The “West” actually has less freedom than it thinks it does, thanks to the proliferation of advertising and marketing. I know advertising and marketing are not synonymous, but for the purposes of this essay one will be shorthand for both.

I’d like to describe the problem by means of an allegory. I will borrow from Milton’s Paradise Lost, a story well-suited for the purpose.

Paradise Lost

In Milton’s re-telling of the Old Testament’s Adam and Eve story, God has advance knowledge that Eve will definitely eat the apple (thereby forcing humanity to fall into sin: history’s unhealthiest bite of fruit), yet it is stated that she had the freedom not to eat it. Consider this: can Eve really have the freedom to refrain from doing something if God knows she will do it? If she doesn’t eat it, a choice allegedly within her freedom, then God’s knowledge is wrong, which is impossible, because God is infallible. If in fact she is bound to eat it because God knows she will, then she cannot be said to be truly free.

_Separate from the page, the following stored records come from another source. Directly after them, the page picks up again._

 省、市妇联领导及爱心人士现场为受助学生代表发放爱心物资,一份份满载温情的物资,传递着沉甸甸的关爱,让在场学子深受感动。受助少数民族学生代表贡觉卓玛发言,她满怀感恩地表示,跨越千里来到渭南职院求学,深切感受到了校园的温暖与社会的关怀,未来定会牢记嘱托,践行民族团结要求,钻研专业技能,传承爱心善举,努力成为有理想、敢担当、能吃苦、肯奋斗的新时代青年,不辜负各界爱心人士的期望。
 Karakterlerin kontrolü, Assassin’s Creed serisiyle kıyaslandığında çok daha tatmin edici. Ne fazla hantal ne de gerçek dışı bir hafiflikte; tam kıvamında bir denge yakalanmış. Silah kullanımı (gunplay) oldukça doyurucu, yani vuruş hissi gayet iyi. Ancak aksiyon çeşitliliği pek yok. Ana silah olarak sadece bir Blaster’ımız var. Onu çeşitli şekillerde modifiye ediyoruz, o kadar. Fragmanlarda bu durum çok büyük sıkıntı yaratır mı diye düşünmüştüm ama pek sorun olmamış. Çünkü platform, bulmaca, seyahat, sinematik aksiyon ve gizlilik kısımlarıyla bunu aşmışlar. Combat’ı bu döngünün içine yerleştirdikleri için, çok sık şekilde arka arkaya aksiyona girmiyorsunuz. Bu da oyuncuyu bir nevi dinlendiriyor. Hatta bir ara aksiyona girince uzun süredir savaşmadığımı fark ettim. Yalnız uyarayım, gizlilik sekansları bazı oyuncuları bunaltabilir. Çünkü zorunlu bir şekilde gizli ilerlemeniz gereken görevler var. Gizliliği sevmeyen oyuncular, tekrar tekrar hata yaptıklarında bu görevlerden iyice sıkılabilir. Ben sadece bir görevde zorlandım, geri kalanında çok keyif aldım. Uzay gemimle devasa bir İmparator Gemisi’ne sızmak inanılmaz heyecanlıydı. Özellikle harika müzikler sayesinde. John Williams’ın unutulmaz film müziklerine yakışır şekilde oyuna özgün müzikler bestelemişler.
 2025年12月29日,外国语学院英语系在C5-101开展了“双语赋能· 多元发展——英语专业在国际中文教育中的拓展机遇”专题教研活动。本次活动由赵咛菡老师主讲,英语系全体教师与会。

The apparent paradox of the situation falls apart when reality instead of the theoretical conditions posited are applied; this is a fictional story about another fictional story and the God posited in it does not exist, so neither can any of the conditions.

But the allegory applies today to consumers/citizens (Eve) and advertisers (God). In this sense, advertisers have preordained knowledge citizens will buy into consumer culture, even orient their life around it, despite having the freedom not to.

 

Are people free, then?

Their advanced knowledge about consumer/market behaviour is not omniscient, but reliable and improving all the time. Becoming more god-like.

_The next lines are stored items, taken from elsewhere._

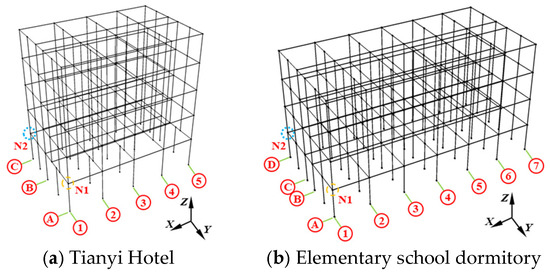 Based on the available data for Tianyi Hotel and the elementary school dormitory, numerical analysis models were established. The material data for the buildings were sourced from the referenced standards [21]. As the building materials cannot be accurately obtained, the concrete grade used for the beams and columns of the two buildings is now unified and specified as C30, and HRB400 steel reinforcement is specified for the rebars. The walls are constructed from clay bricks and corresponding mortar, with a thickness of 240 mm. Considering the walls, decorative layers, equipment, etc., the building load is calculated to be 1 t/m2 [46]. This load is then distributed to each node based on the proportion of the dependent area. The calculation model is shown in Figure 8.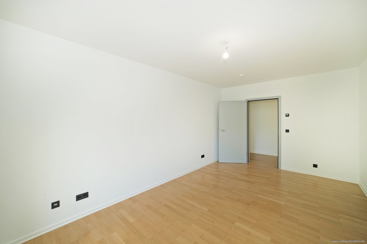 Linker Hand des Flurs befindet sich das gemütliche, ruhig gelegene Schlafzimmer mit mehreren bodentiefen Fenstern und ausreichend Platz für Ihre individuelle Einrichtung. Zugang zu einem der Balkone mit Blick ins Grüne ist von hier gegeben.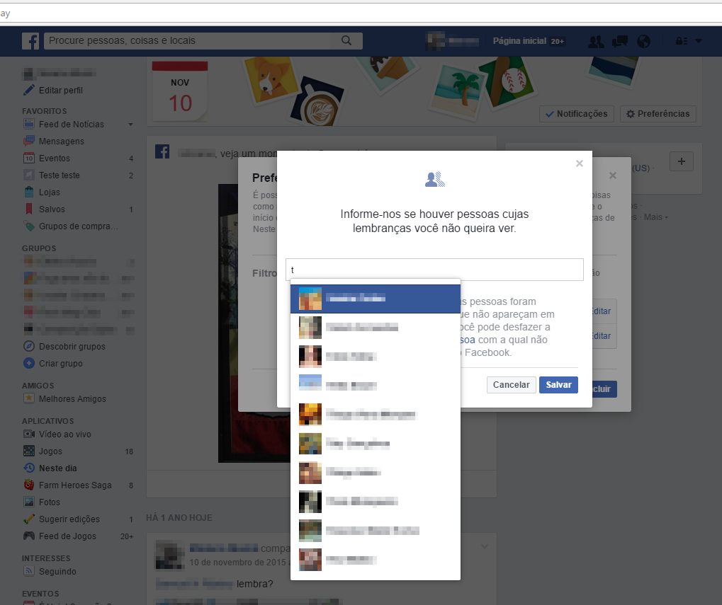 Em “Pessoas”, digite as primeiras letras do nome da pessoa que deseja bloquear das suas “Memórias”. Selecione ela na lista e clique em “Salvar”.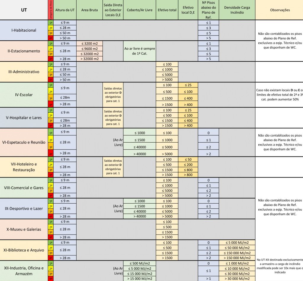 As Utilizações Tipo (UT) são classificadas numa das 4 categorias de risco, sendo a 1ª categoria a menos gravosa e a 4ª categoria a mais gravosa.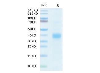 | Molecular Mass : | The protein has a predicted MW of 19.8 kDa.Due to glycosylation, the protein migrates to 38- 42KDa based on Bis-Tris PAGE result. |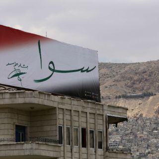 En la atareada calle Thawra, en el centro de la ciudad, dos nuevas vallas de Assad recibían a las muchedumbres. Una muestra al presidente, con traje gris y camisa azul, con la palabra "Juntos". La segunda valla simplemente decía "Juntos" y muestra la firma de Assad.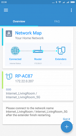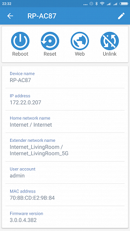 Из дополнительных операций в мобильном приложении есть только перезагрузка и сброс. При необходимости можно также обратиться к полному веб-интерфейсу устройства, в частности, если вам потребуется применять его в отличных от повторителя режимах.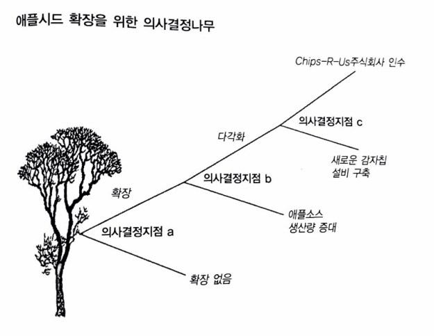 가지가 여럿 달린 나무를 닮았다 해서 붙여진 이름이다. 여기서 각각의 가지는 의사결정의 경로를 나타내고 사업 결정에 있어서 모든 주요 대안들을 나열해 볼 수 있다는 점에서 아주 유용한 도구다. 가지들을 그려나가면서 종착점에 도달하면 그만이다. 각 단계마다 대안들의 장점과 단점을 체계적으로 검토할 수 있도록 도와준다.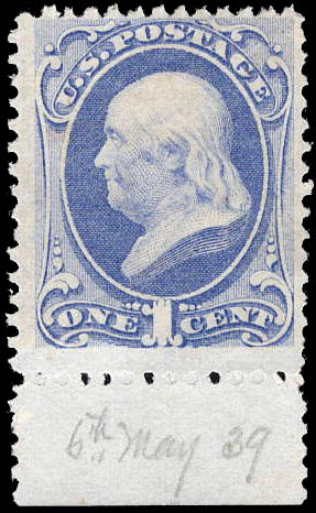 1870, 1¢ Franklin, ultramarine, without grill, N.B.N.C. printing (Scott 145), slightly disturbed o.g., Fine. Scott $700.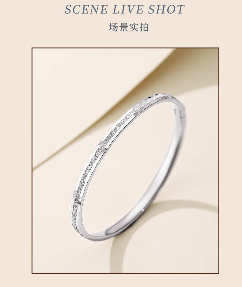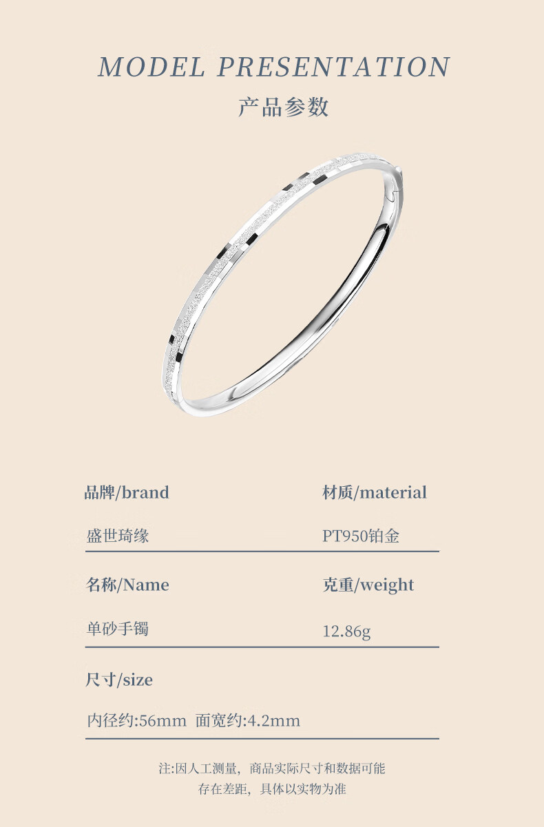 Shengshi Qiyuan pt950 platinum bracelet, concubine bracelet, pure platinum bracelet, platinum bracelet, new semi-solid flashing single sand bracelet, inner diameter 52mm, weight 6.1 grams, about 3mm thick

In this sense, how much freedom do people ruthlessly subjected to advertising truly have? An important amount! There is an enormous difference between governments actively depriving citizens of their actual freedom, and being given freedom with the foreknowledge that it will be exercised narrowly. Advertising does not equal freedom eliminated, certainly not on a legal level. But at least psychologically, ads’ increasing volume and sophistication (of the ads themselves and the accuracy in targeting) does undermine people’s agency in their own life. This is problematic.

 

Outside influences are inevitable, though

But it’s also impossible to imagine a scenario where nothing external influences a person’s life. Humans live in communities where, thankfully, we must encounter people and institutions. Outside influences change our minds and behavior. This is good and inevitable. In this sense, freedom cannot be thought of as a person’s life being guided merely by the intrinsic things inside them, or free from outside messaging, like ads. The question is, then, what is the nature of the outside forces seeking to influence people? Whose side are they on, theirs or ours?

 

Give people a break!

Some people, often self-satisfied, scoff looking at the latest stupid/expensive/useless shit to hit the markets, and say “what kind of idiots buy this shit?” Many products are indeed useless and expensive and the rest.

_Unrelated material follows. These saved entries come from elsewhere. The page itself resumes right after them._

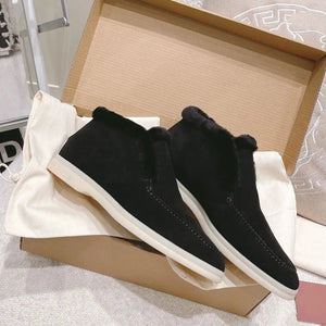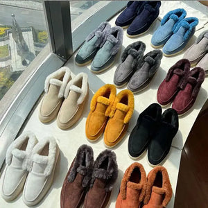 Home Women's Ankle Boots Cow Suede Loafers, Fur Integrated Warm Snow Boots For Women
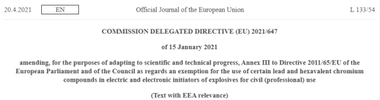 2021年4月20日,歐盟官方公報發(fā)布歐盟RoHS修訂指令(EU) 2021/647,要求在附錄三新增第45條關(guān)于民用(專業(yè))炸藥電子起爆器中的鉛及六價鉻豁免,并自2021年11月1日開始適用,有效期為5年。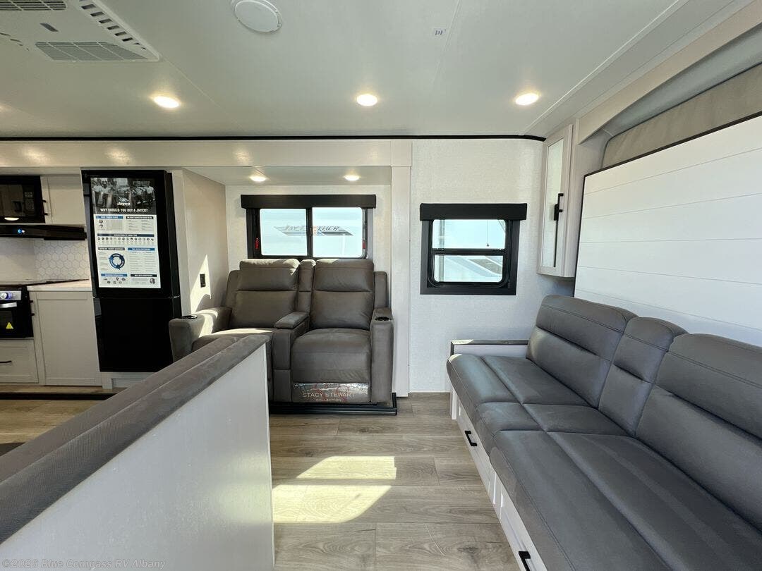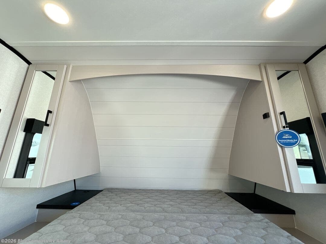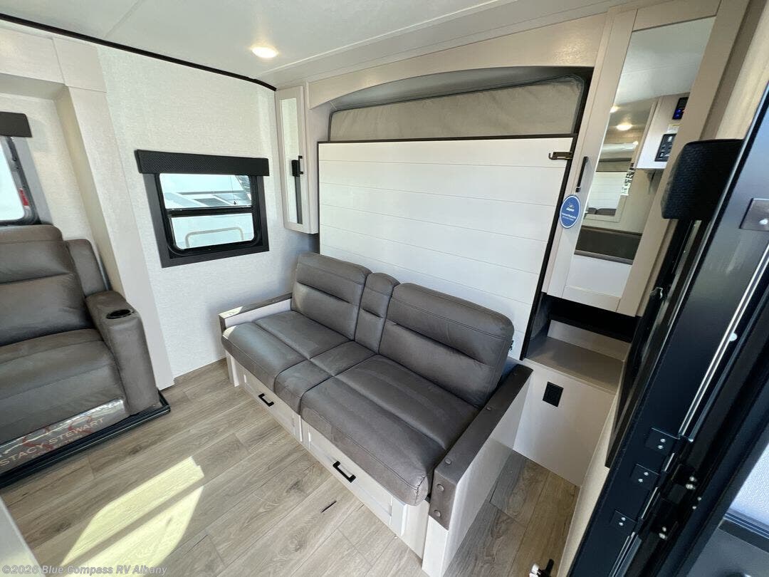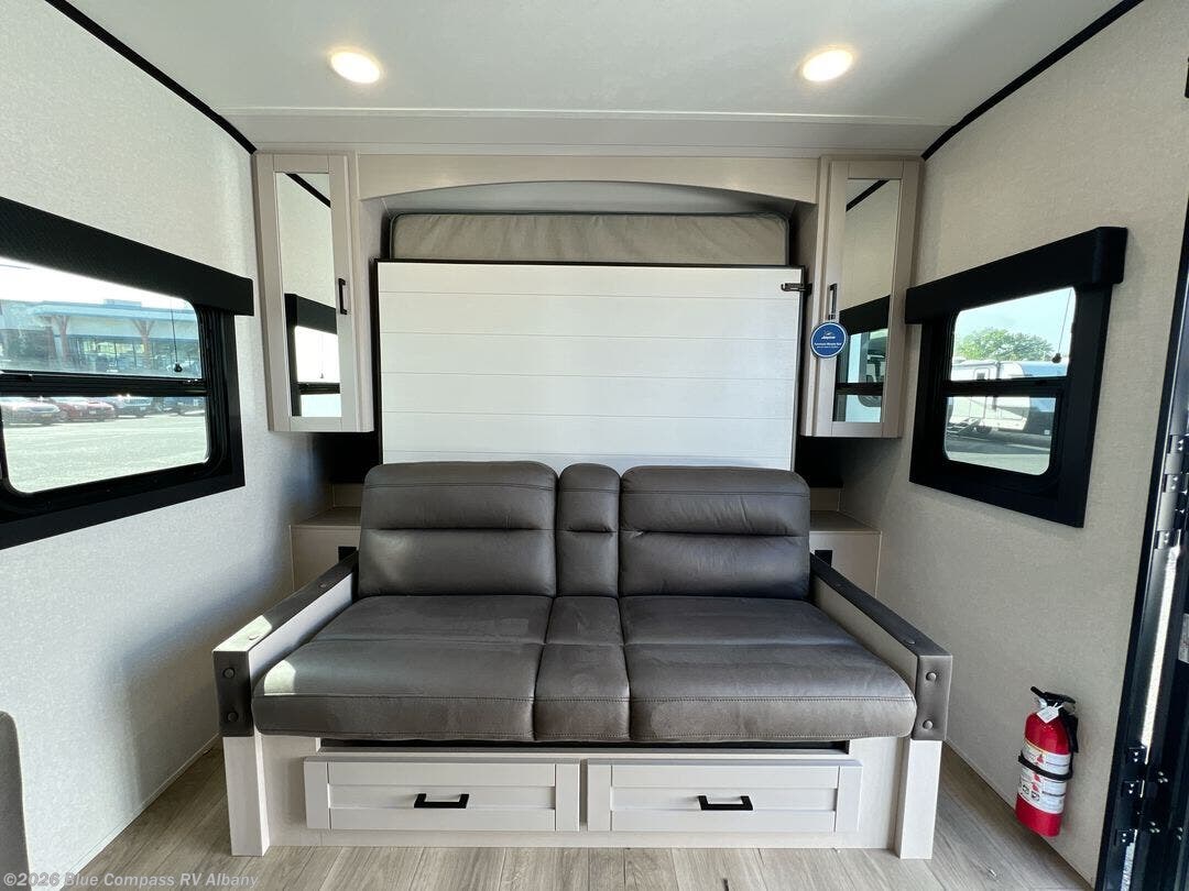 If you wish to escape the hustle and bustle of everyday life then you need this travel trailer! It features a front 60" x 75" Murphy bed with wardrobes on either side for bedtime and a jackknife sofa during the day. You can play games at the booth dinette after enjoying a delicious meal prepared with the three burner cooktop or relax at the theater seating with table trays and enjoy the LED TV. The rear corner bathroom has a shower with a skylight for you to get cleaned up in, as well as a linen closet to store your towels. There is exterior storage space to keep your outdoor gear, a 15' power awning to protect you from the elements.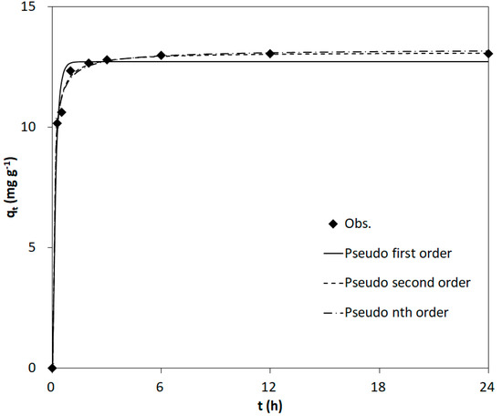 The kinetic data were analyzed using pseudo-first-order (Equation (1)), pseudo-second-order (Equation (2)), and pseudo-nth-order (Equation (3)) models, and the equations are as follows [24]:

But it’s unfair to assemble teams of sophisticated psychologists, artists and others for the express purpose of seducing masses of people, bombard them with million dollar ad campaigns, then blame the targeted people for succumbing.

You can hate the vapidness, triteness and all the exploitation of consumer culture without thinking every participant is an idiot. It’s not just unfair but irrational to subject people to what amounts to mind-control, then blame them for being controlled to some degree. Marketers conduct tests until they know the targeted demographic will respond. How, then, can the demographic be blamed for responding?

To be sure, the larger social issue is bigger than the merits of a single ad or product, but about buying into a concept of life, buying into the end product of an accumulation of ads. This is consumerism.

Narrow economic outcomes are dictating the psychological well-being of millions of people by coercing them psychologically. Many people in Toronto, other Western cities too, are surrounded by money and misery. Why? People are spiritually bored, there is no outlet. Aside from the daily work grind, having babies and going to the gym, meaning is in short supply. The messaging they are bombarded by doesn’t fulfill them. Of course they don’t. They are meant to take, not give.

Is advertising evil?

No. Advertising is inherently amoral—advertising is done for causes good and evil. But every evil cause can use advertising to pass itself off as virtuous. From cigarette companies targeting children, to Narendra Modi’s BJP Party spreading bogus stories via WhatsApp. The point isn’t that all advertising is evil, it’s that any evil on Earth can use advertising to further its purposes.

Besides, nobody totally avoids the consumer shit around us, not even the smug pieces of shit who write articles about how stupid it all is. If you want to be an activist for exploited labourers, it’s an extremely worthy cause. But for most people the point isn’t to abstain from consumer culture entirely, it’s to prevent life from being reduced to its (often empty) values, to maintain some kind of unique inner-life in the face of ads.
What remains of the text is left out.